First, I dumped the 48,965 highest-likelihood length 9 palindromes using BFS. With my small palindromic LM, this search took less than an hour. Next, I plotted the sorted likelihoods, and found that the tail of this distribution cleanly follows a second-order power law. If we assume this power law holds beyond the data I sampled, we can integrate it to estimate the tail likelihood of all the remaining sequences (about \(26^5\), or 12 million).

A plot showing a power law fit and an empirical distribution of palindromes.
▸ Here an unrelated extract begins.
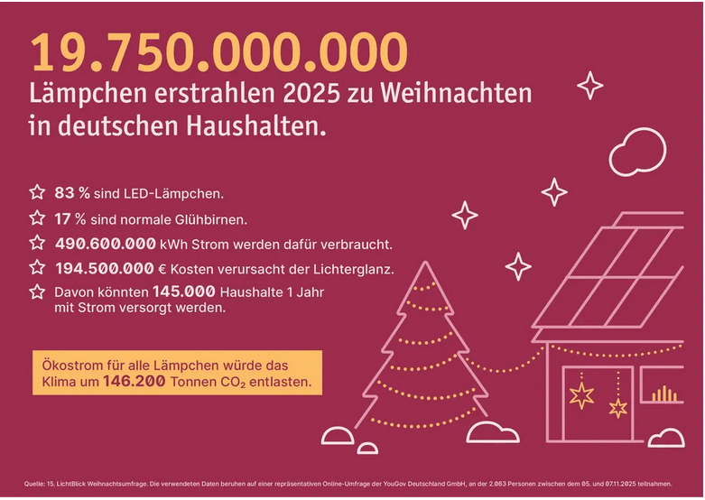 Obwohl LED-Leuchten im Vergleich zu den früheren Glühbirnen weniger Strom verbrauchen, ist in Summe der Energieverbrauch hoch, zumal durch die billigen Plastiklichter aus Fernost mehr und länger beleuchtet wird. In diesem Jahr könnten laut Medienberichten über 194 000 Haushalte ganzjährig mit dem für die Weihnachtsbeleuchtung benötigten Strom versorgt werden – knapp 500 Mio kWh. https://www.lichtblick.de/weihnachtsumfrage/ Problematisch sind auch der hohe Verbrauch an nicht recycelbarem Kunststoff und der Einsatz von Weichmachern bei der Herstellung von Lichterketten, damit diese biegbar sind.

Using this technique, I can estimate that I've already covered 98.78% of the palindrome probability space with my small subset of samples. In other words, if we were to exactly sample from \( P(s|s\text{ is a palindrome}) \), we would find that our sample is contained in my list of 48,965 palindromes about 98.78% of the time. This is pretty cool: I only enumerated 0.4% of strings that happen to be palindromes, but these cover almost 99% of the space of samples.

What if my power law doesn't extrapolate, and the distribution isn't light-tailed like I thought? To test this empirically, I used rejection sampling to produce 30 samples from the exact palindrome distribution. This took a few hours, and each palindrome required rejecting about 100k samples. I found that all 30 of these samples were contained in the results of my BFS. Given this, it's fair to say that there's nothing drastically wrong with my theory, at least for length 9 palindromes under this particular model.

Limitations

My method heavily depends on having a good palindromic LM. In practice, the language models that I can train on a single Mac mini are pretty tiny (and therefore bad). One side-effect of this is that well-known palindromes, like “UFO Tofu”, actually have really low likelihood under my model. Another side-effect is that we often get invalid or weird samples from the model. For example, random length 9 palindromes are often nonsense: threverht, decoloced, dedicided, streserts, streberts, separapes, noisesion.

In retrospect, I actually wish I had designed the palindromic LM to generate samples inside-out instead of outside-in. This would allow the model to gradually elongate palindromes, rather than conditioning samples on the length from the start. More importantly, I feel that this strategy for generating palindromes is closer to how humans find palindromes: we start with a short palindrome, and try to figure out how to elongate it by adding extra words to either end.